Segment Open
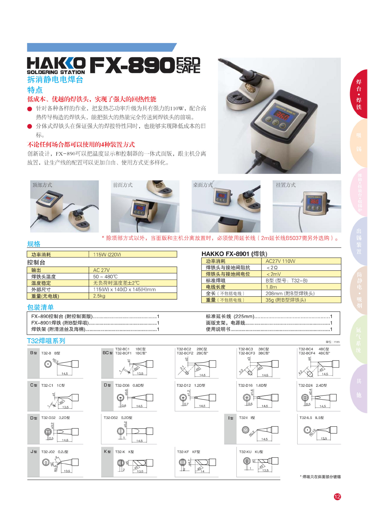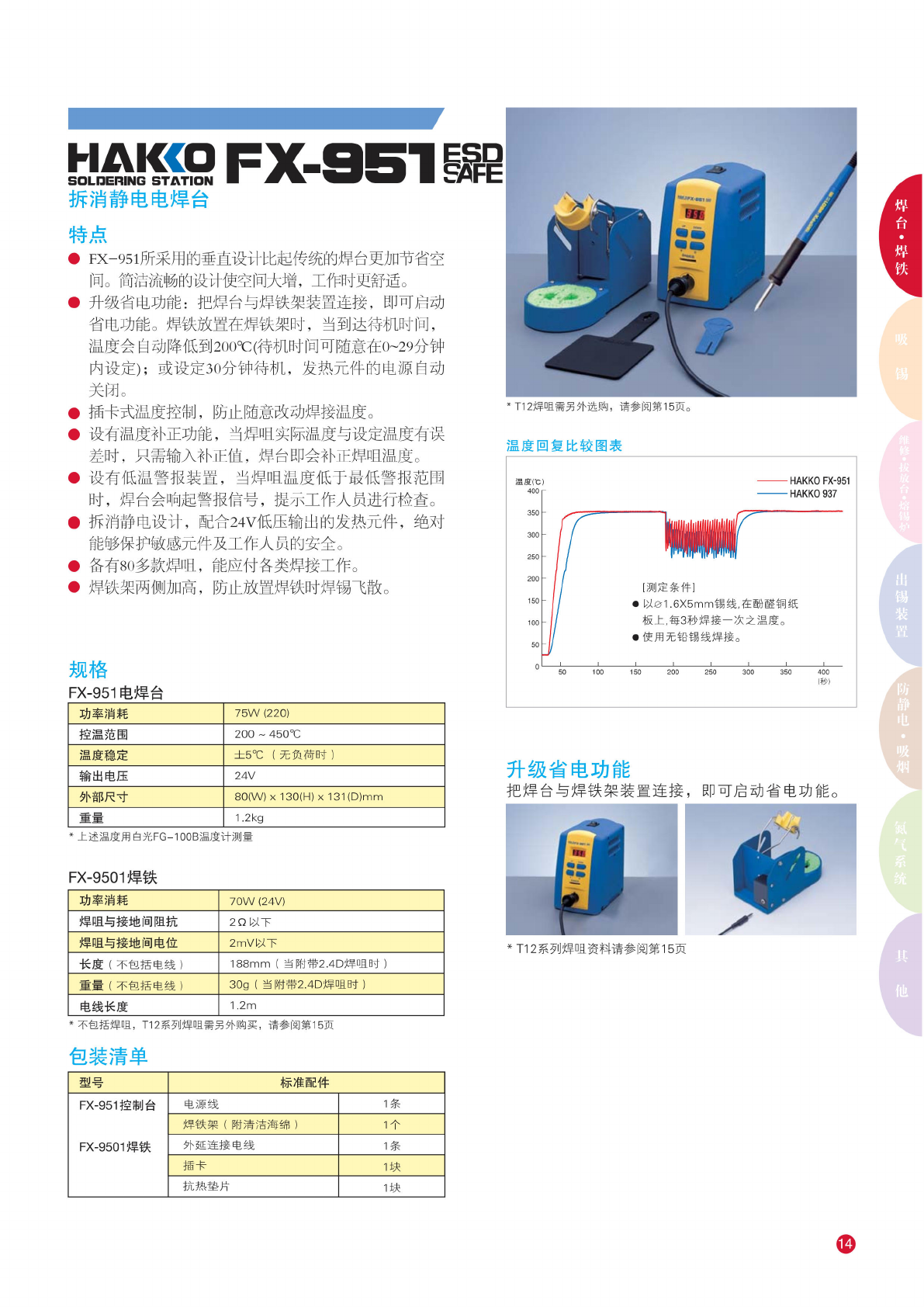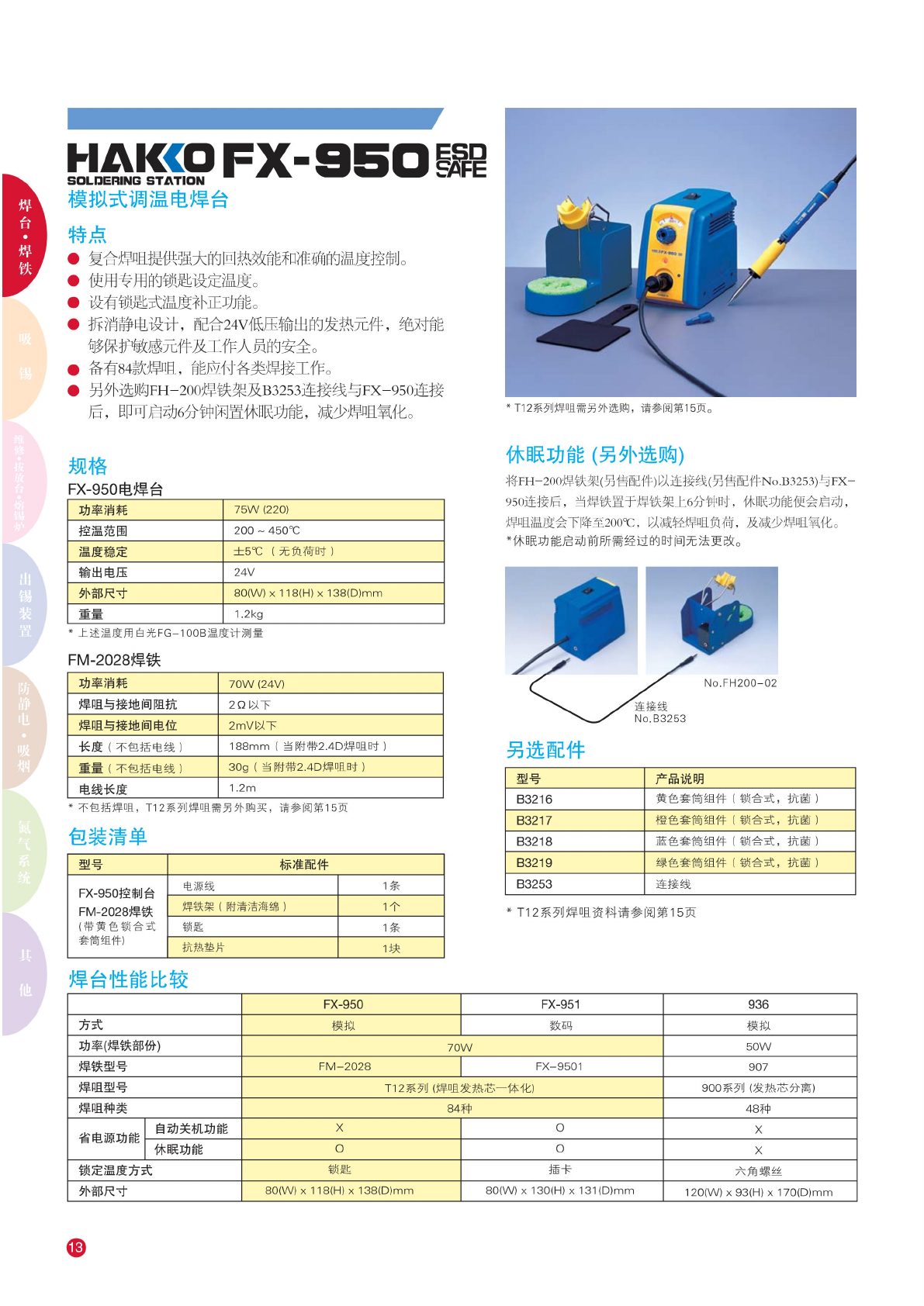 HAI«pFX-95O^ 模拟 式调温 电焊台 特点 • 复 合焊咀 提供强 大的回 热效能 和准确 的温度 控制。 • 使用专 用的锁 匙设定 温度。 • 设有锁 匙式温 度补正 功能。 • 拆 消静电 设计, 配合 24V 低 压输出 的发热 元件, 绝对能 够 保护敏 感元件 及工作 人员的 安全。 • 备有 84 款 焊咀, 能 应付各 类焊接 工作。 • 另 外选购 FH- 200 焊 铁架及 B3253 连 接线与 FX- …
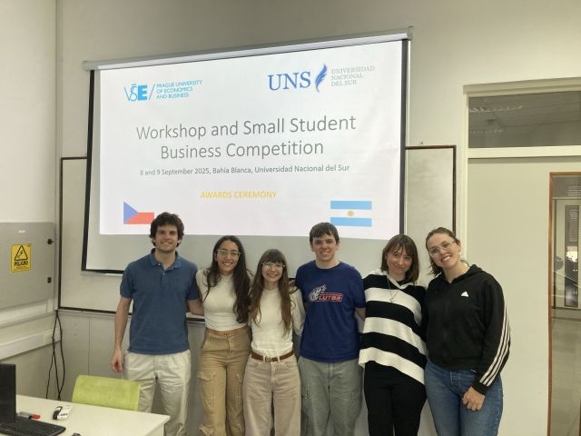 The Department of International Business is pleased to share that on 8 and 9 September 2025, a member of the department organised a small-scale student business competition for students at the Universidad Nacional del Sur in Bahía Blanca, Argentina. This event was an adapted version of the mysterious business competition first held at the Prague University of Economics and Business in November 2023. The pilot competition later evolved into a larger-scale event, held in January 2025 in Slovakia, with the support of the Visegrad Fund (see here).
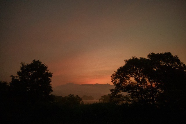 長梅雨の桧原湖で
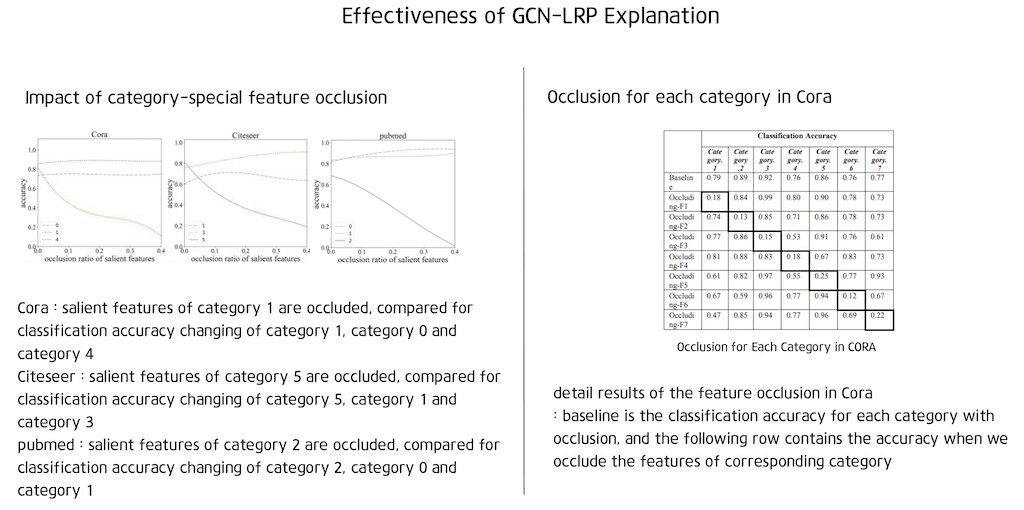 GCN-LRP 설명 기법의 효율성은 설명 방법에 의해 포착된 두드러진 특징을 occluded 함으로써 검증을 진행하였습니다. 다시 말해서 각 카테고리에 대한 node를 분류할 때 분류 정확도의 변화를 알기 위해서 feature들을 occluded 하였습니다. occlusion은 제로 마스크를 사용하여 구현됩니다. 즉 나머지 기능을 일정하게 유지하면서 선택한 feature를 0으로 설정합니다.
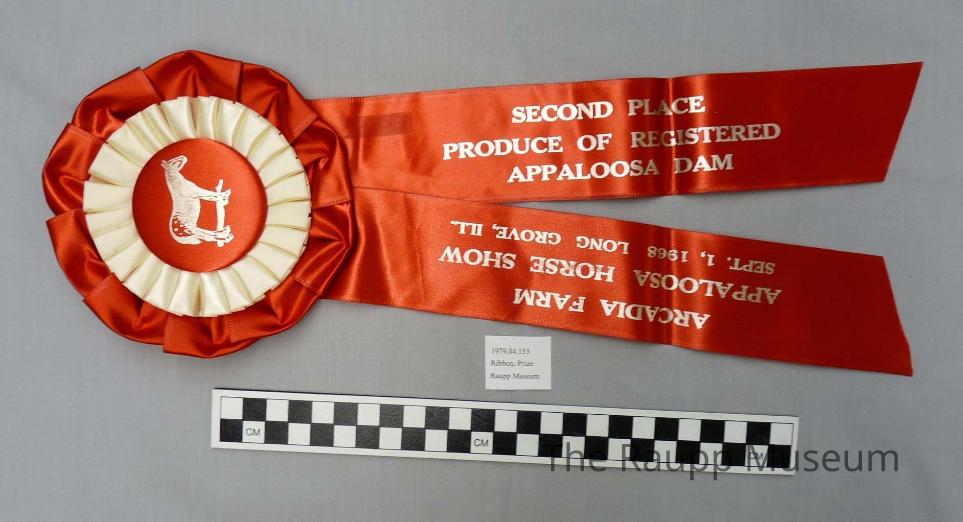 One (1) red and white silken prize ribbon with metal button. Red button with picture of horse. Button surrounded by pleated white ribbon and a red reibbon. Two red ribbon tails descending from button. Silver writing on ribbon tails. Right: "Second Place Produce of Registered Appaloosa Dam." Left: "Arcadia Farm Appaloosa Horse Show Sept. 1, 1968 Long Grove, ILL".Dimensions
Segment Closed
Assignment: Go through the entries and retype them exactly, except for the images.

Result for this task:
 HAI«pFX-95O^ 模拟 式调温 电焊台 特点 • 复 合焊咀 提供强 大的回 热效能 和准确 的温度 控制。 • 使用专 用的锁 匙设定 温度。 • 设有锁 匙式温 度补正 功能。 • 拆 消静电 设计, 配合 24V 低 压输出 的发热 元件, 绝对能 够 保护敏 感元件 及工作 人员的 安全。 • 备有 84 款 焊咀, 能 应付各 类焊接 工作。 • 另 外选购 FH- 200 焊 铁架及 B3253 连 接线与 FX- …
 The Department of International Business is pleased to share that on 8 and 9 September 2025, a member of the department organised a small-scale student business competition for students at the Universidad Nacional del Sur in Bahía Blanca, Argentina. This event was an adapted version of the mysterious business competition first held at the Prague University of Economics and Business in November 2023. The pilot competition later evolved into a larger-scale event, held in January 2025 in Slovakia, with the support of the Visegrad Fund (see here).
 長梅雨の桧原湖で
 GCN-LRP 설명 기법의 효율성은 설명 방법에 의해 포착된 두드러진 특징을 occluded 함으로써 검증을 진행하였습니다. 다시 말해서 각 카테고리에 대한 node를 분류할 때 분류 정확도의 변화를 알기 위해서 feature들을 occluded 하였습니다. occlusion은 제로 마스크를 사용하여 구현됩니다. 즉 나머지 기능을 일정하게 유지하면서 선택한 feature를 0으로 설정합니다.
 One (1) red and white silken prize ribbon with metal button. Red button with picture of horse. Button surrounded by pleated white ribbon and a red reibbon. Two red ribbon tails descending from button. Silver writing on ribbon tails. Right: "Second Place Produce of Registered Appaloosa Dam." Left: "Arcadia Farm Appaloosa Horse Show Sept. 1, 1968 Long Grove, ILL".Dimensions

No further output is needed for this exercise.